■ SUPPLIED DATA:
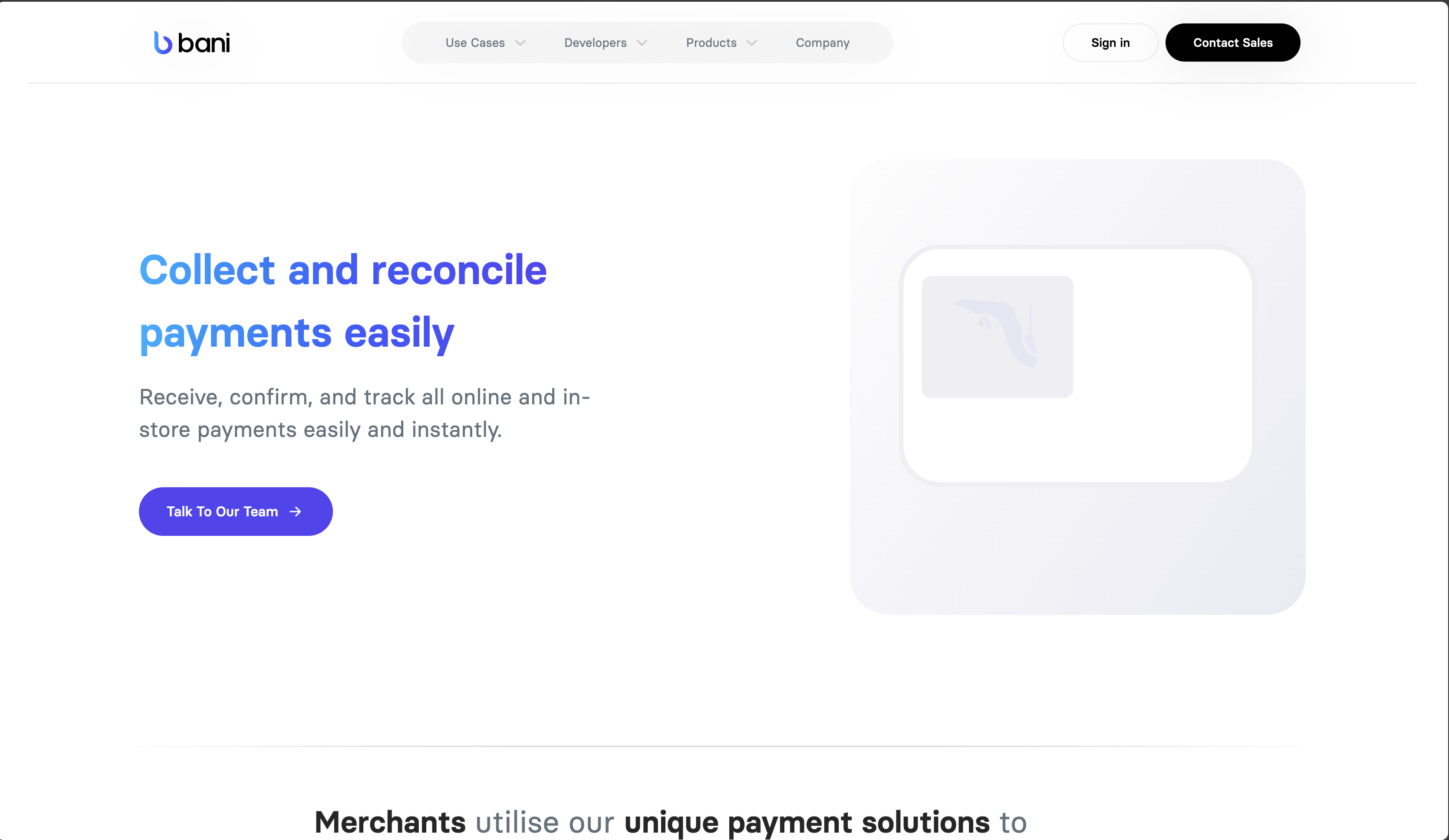 BANI lets you collect and reconcile payments easily. Receive, confirm, and track all online and in- store payments easily and instantly.
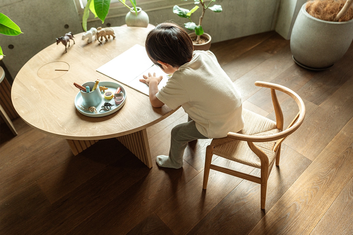 その思想は、大人用だけでなく子供用のYチェアにも静かに息づいています。
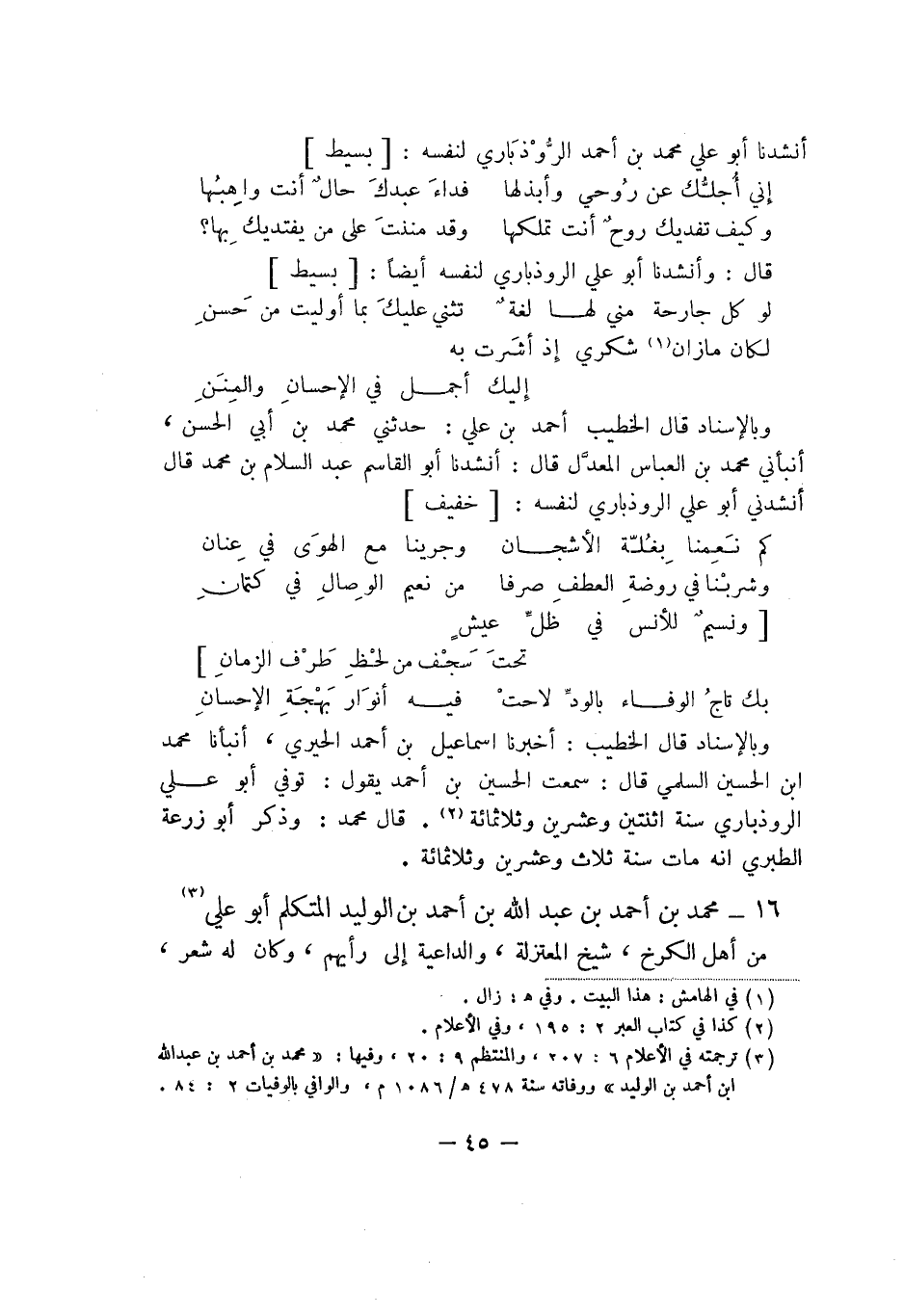 وبالإسناد قال الخطيب أحمد بن علي: حدثني محمد بن أبي الحسن، أنبأني محمد بن العباس المعدل قال: أنشدنا أبو القاسم عبد السلام بن محمد قال أنشدني أبو علي الروذباري لنفسه: خفيف

■ ASSIGNED TASK: Output the listing word for word. Drop the pictures.

■ EXERCISE ANSWER:
 BANI lets you collect and reconcile payments easily. Receive, confirm, and track all online and in- store payments easily and instantly.
 その思想は、大人用だけでなく子供用のYチェアにも静かに息づいています。
 وبالإسناد قال الخطيب أحمد بن علي: حدثني محمد بن أبي الحسن، أنبأني محمد بن العباس المعدل قال: أنشدنا أبو القاسم عبد السلام بن محمد قال أنشدني أبو علي الروذباري لنفسه: خفيف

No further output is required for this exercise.